Good practices to promote good mental health can have positive business outcomes such as:

•    Increased productivity and efficiency, as well as innovation for the business 

•    Increase profit margins and reduce business costs

•    Improve staff morale and overall teamwork

•    Can reduce sickness and sick leave, presenteeism and staff turnover

•    The reputation of the employee, the team and the company.

Following guidance from the Mental Health Foundation and charities, like MIND, there has been a real focus on the destigmatisation of mental health and encouraging positive mental health practices.

Some ideas that can be promoted in the workplace to reduce stress, anxiety, and social isolation could be:

•    Staff to be encouraged to “Take a break” or a change of scene on a regular basis

•    Communication - active communication with your manager or colleague to openly discuss personal and workplace stressors or pressures and be active in finding solutions or suggestions. This could be offering external support networks.

Alongside this, research has suggested there are activities that workplaces can adopt to assist in individuals’ personal wellbeing, such as:

•    Active relaxation - this is doing activities to get the heart rate working alongside focusing on the mind and calm. Examples are walking, Pilates and Yoga.

•    Being creative can help with emotions and feelings

•    Team sports can also create a sense of unity and help express emotions also.

•    Breathing exercises can help some people to relax and to focus on the mind

•    Resting and sleeping are suggested to be as important for the mind as the body. Some businesses offer ‘nap pods’ or quiet areas employees can escape to when they need some downtime.

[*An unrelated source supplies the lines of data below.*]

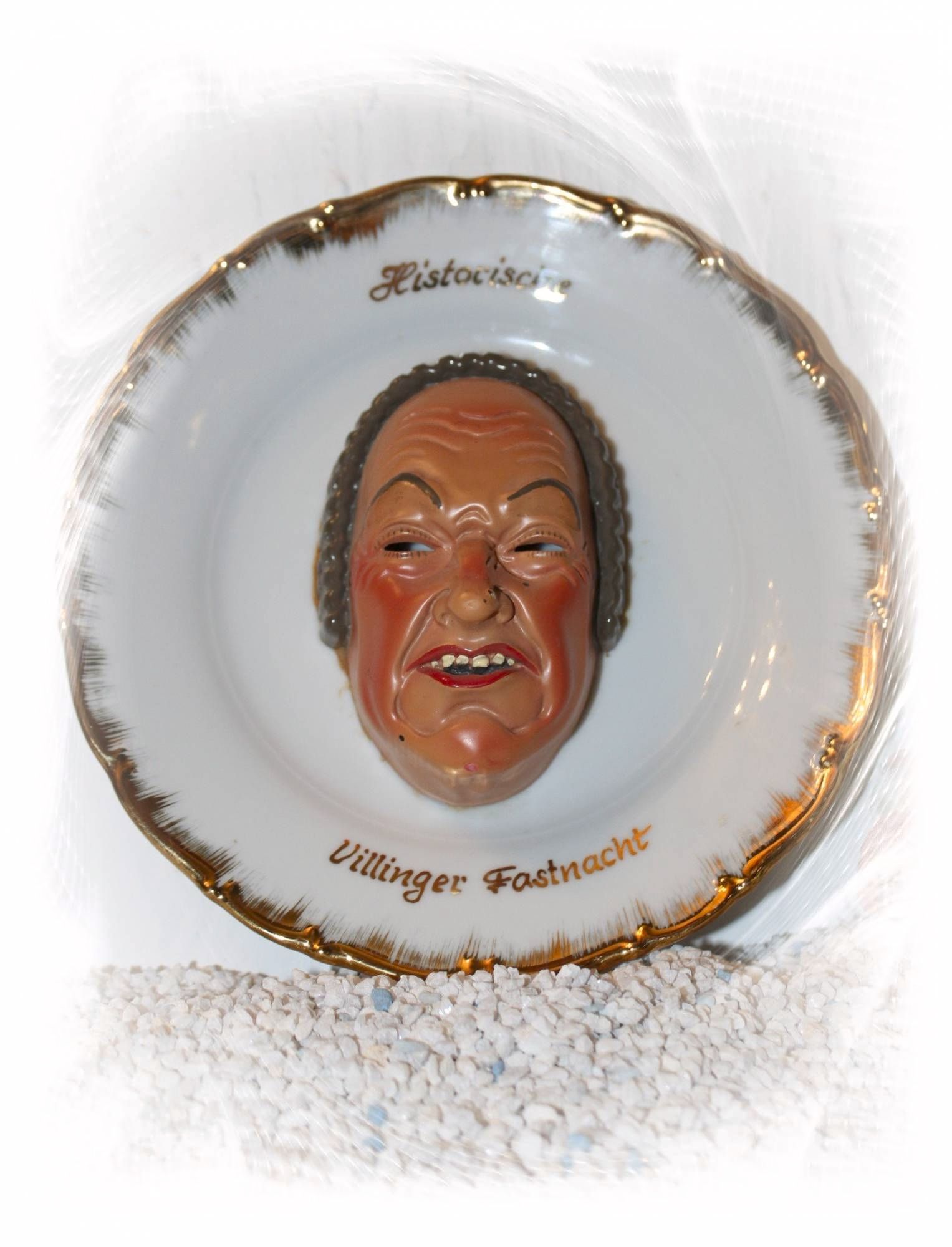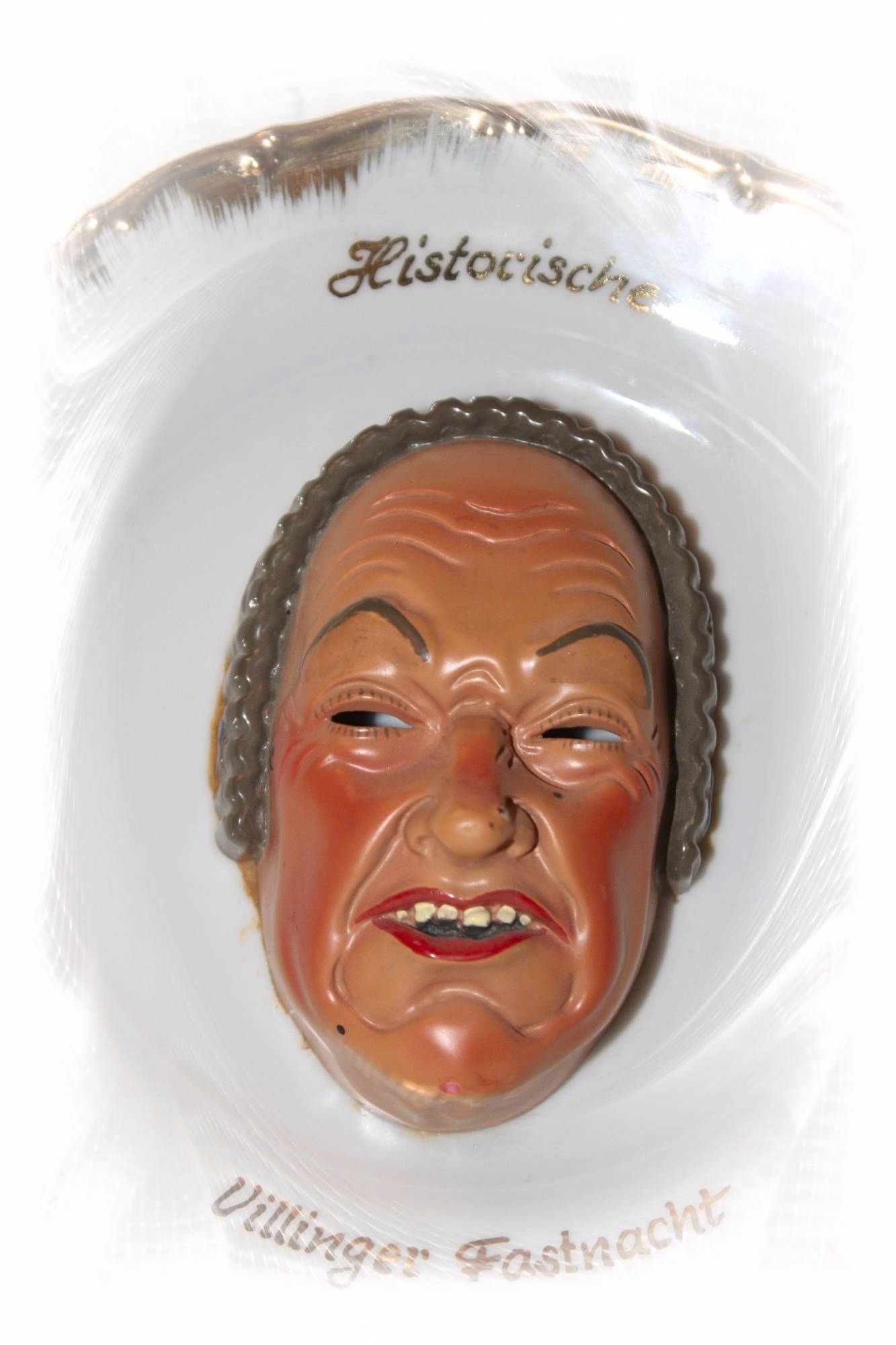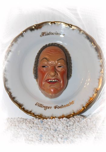 Hier ein Wandteller mit dem Mäskle vom Villinger Surhebel aus Villingen im Schwarzwald
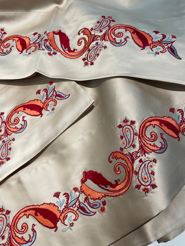 For clients seeking one-of-a-kind heirlooms, Kearsley Couture provides an unparalleled bespoke experience. Collaborate with Heather Kearsley Wolf to create linens with custom details, embroidery, and weaves crafted by artisans in Italy, Belgium, Scotland, and the United States. Allow 6–36 months for completion.
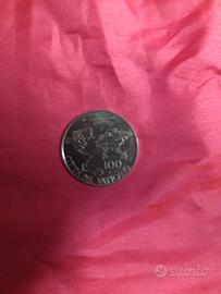 moneta commemorativa città del vaticano con inciso il volto di papà Giovanni paolo secondo e i continenti ,valore unitario lire 100 ,coniata in acmonital condizione splendido
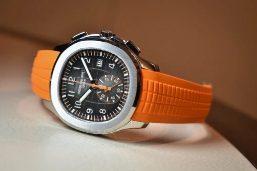 The Aquanaut features a bold rubber strap, which adds comfort and durability. Its dynamic orange dial is complemented by luminous markers, ensuring readability in various lighting conditions, making it perfect for both casual and formal occasions.
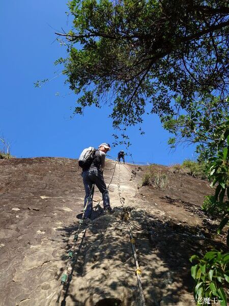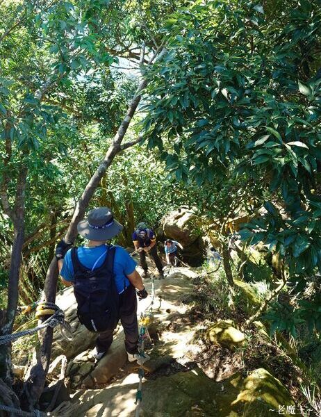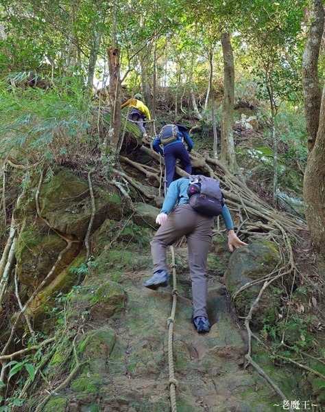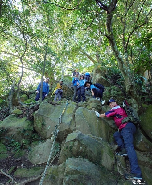 有一段幾乎垂直的岩壁, Henry 居然爬不上去!? 麗純, 土撥鼠, 峯駿, 穎為, 和健慶都輕鬆上去, 筱蓉勉強吃力爬上去, Elton 也沒問題, 但 Henry 爬了兩次, 都只能蹬上兩腳便再也沒力. 幸好旁邊有一條腰繞的山路, 雖然要多繞幾公尺, 但至少不用攀岩, 因此最後他從那邊繞上來, 跟我們會合. (早知道可以偷懶, 那我們幾個爬那麼累幹嘛?)

In light of this research, the team and I have devised a week of awareness and wellbeing tips to promote the often awkward topic of Mental Health. This is not a topic that is going away any time soon, neither should these conversations.

Ambition are looking forward to a week of fabulous activities to use some great techniques to combat the symptoms of stress, anxiety and depression, as well as team building. We will be taking part in Curry & a Chaat, running a boot camp for our staff and having a team discussion on how we can look after our mental health.